Excerpts from a dataset:

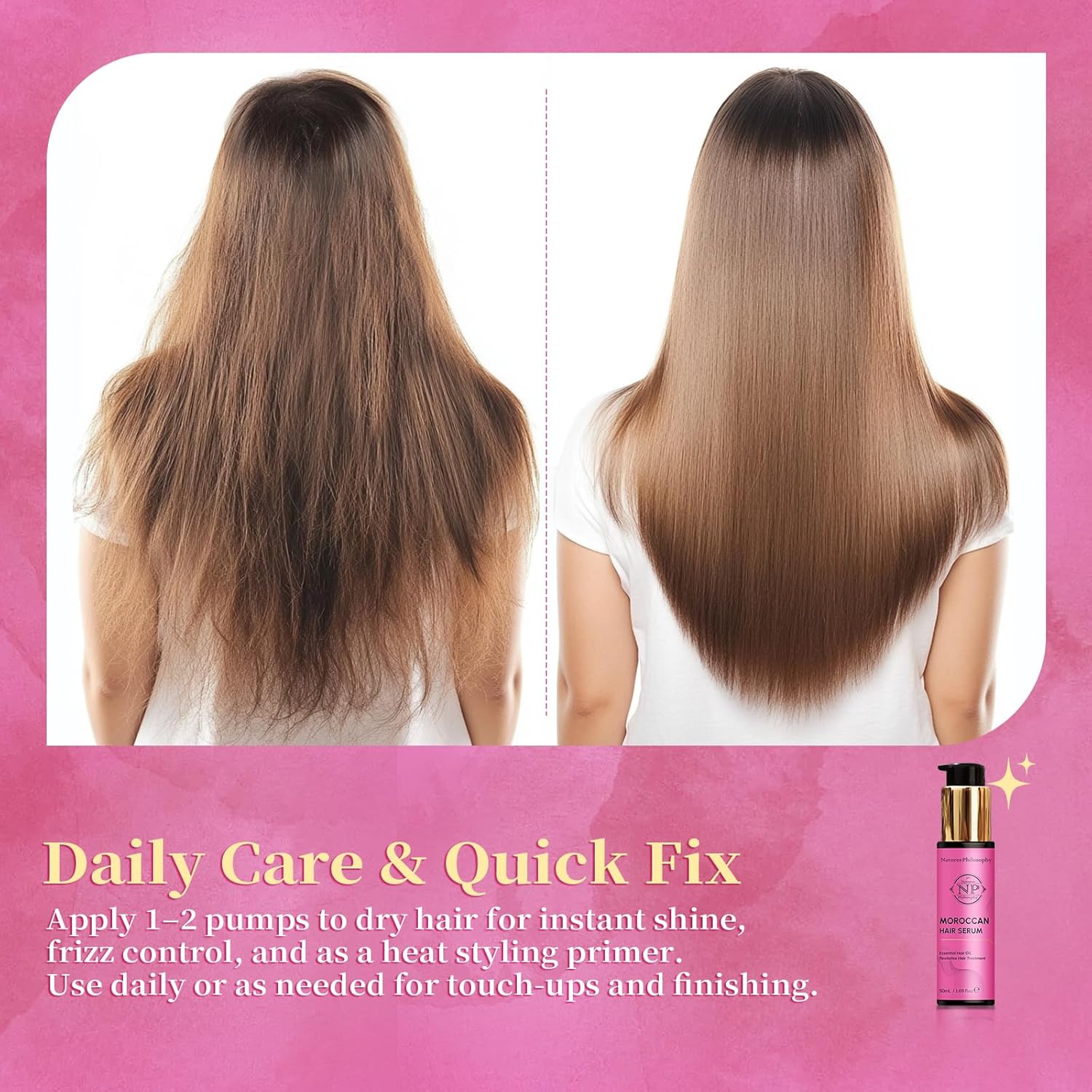 - Anti - Frizz Protection:Instantly smooths and tames flyaways! Our Moroccan oil forms a protective barrier around each hair strand, reducing frizz caused by humidity and environmental factors. It keeps your hair sleek and under control all day long
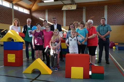 Seit zwei Jahren treffen sich einmal wöchentlich Kinder und Jugendliche mit und ohne Behinderung, um gemeinsamen Sport zu treiben. Das qualifizierte Trainerteam mit Veronika Vieth, Angelika Behnen und Alina Disselborg gestaltet die wöchentliche Übungsstunde und gab den Gästen einen Einblick in ihre Arbeit. „Kein Leistungsgedanke, sondern der Spaß an der Bewegung steht absolut im Vordergrund. Jeder macht so gut mit, wie er kann. Das Lachen der Kinder innerhalb einer Übungsstunde ist das Schönste und Wichtigste für uns“, betonte das Übungsleiterteam einhellig die Zielsetzung des Angebotes.
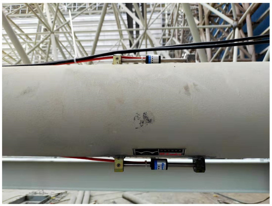 Vibrating wire surface strain gauges were used to measure the strain of the long-span converter station steel structure. Vibrating wire surface strain gauges D1 and D2 were installed on the cross-section of the converter station steel structure in order to monitor the strain changes during the hoisting process of the converter station steel structure. In total, 66 strain gauges were installed on the converter station steel structure. The measuring range of the vibrating wire surface strain gauge was ±1500 με, and the accuracy was 0.1 με, as shown in Figure 7 and Figure 8.
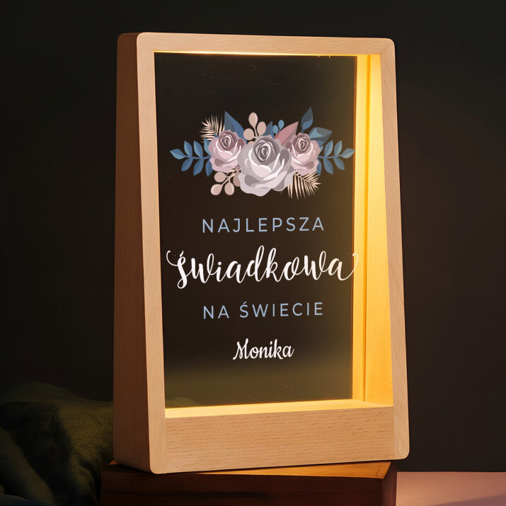 Ten wydruk na szkle akrylowym z grawerem to wspaniały prezent dla mojej świadkowej. Jakość wykonania jest imponująca, a podstawa dodaje mu elegancji.
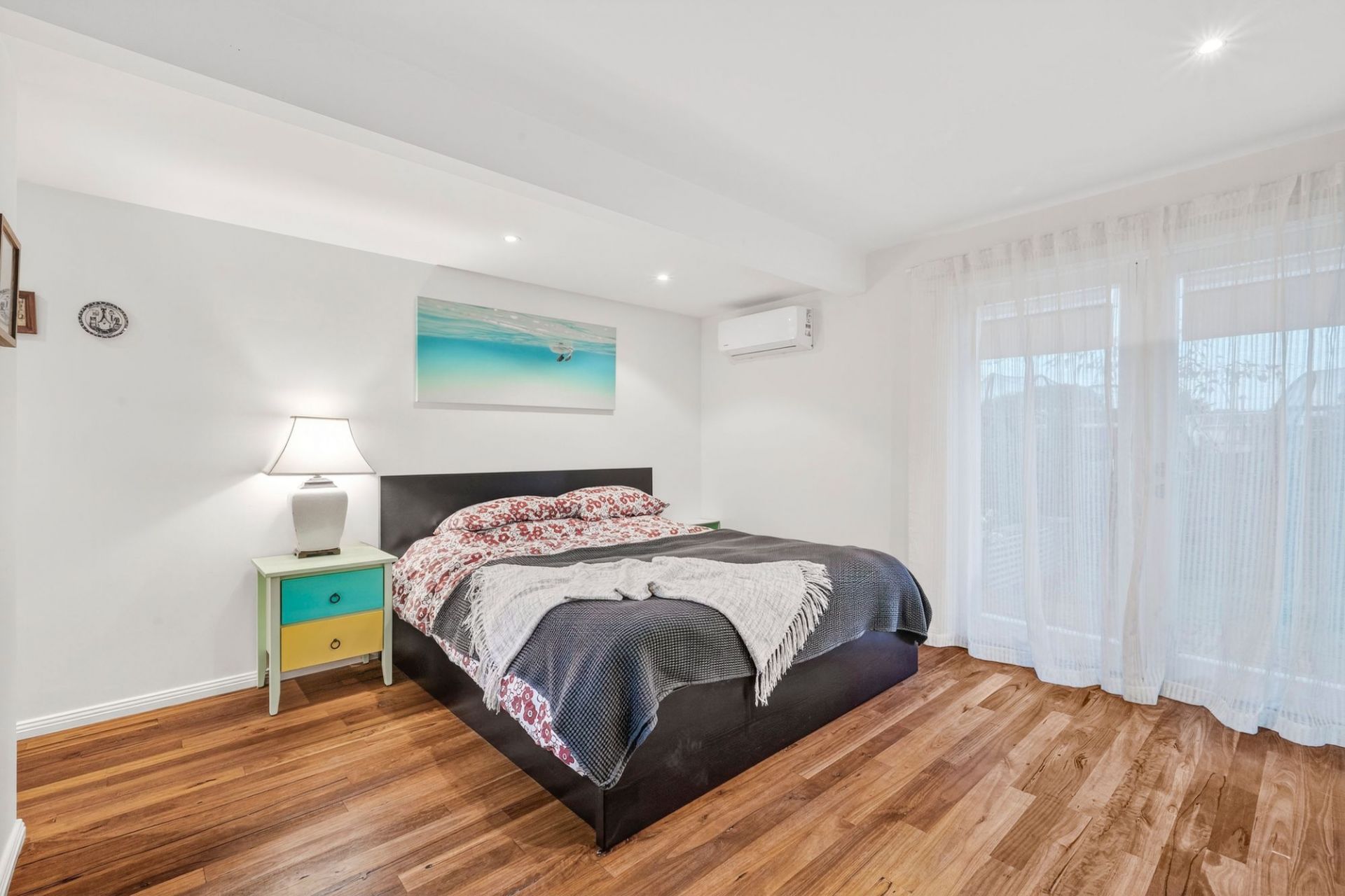 -Privately zoned, the main delights with BIR, a/c, modern ensuite & access to an inviting garden deck

◆ **WHAT YOU ARE ASKED TO DO**
Repeat, with no pictures, each line from the beginning of the data through the line containing "Seit zwei Jahren", inclusive.

◆ **YOUR RESPONSE**
 - Anti - Frizz Protection:Instantly smooths and tames flyaways! Our Moroccan oil forms a protective barrier around each hair strand, reducing frizz caused by humidity and environmental factors. It keeps your hair sleek and under control all day long
 Seit zwei Jahren treffen sich einmal wöchentlich Kinder und Jugendliche mit und ohne Behinderung, um gemeinsamen Sport zu treiben. Das qualifizierte Trainerteam mit Veronika Vieth, Angelika Behnen und Alina Disselborg gestaltet die wöchentliche Übungsstunde und gab den Gästen einen Einblick in ihre Arbeit. „Kein Leistungsgedanke, sondern der Spaß an der Bewegung steht absolut im Vordergrund. Jeder macht so gut mit, wie er kann. Das Lachen der Kinder innerhalb einer Übungsstunde ist das Schönste und Wichtigste für uns“, betonte das Übungsleiterteam einhellig die Zielsetzung des Angebotes.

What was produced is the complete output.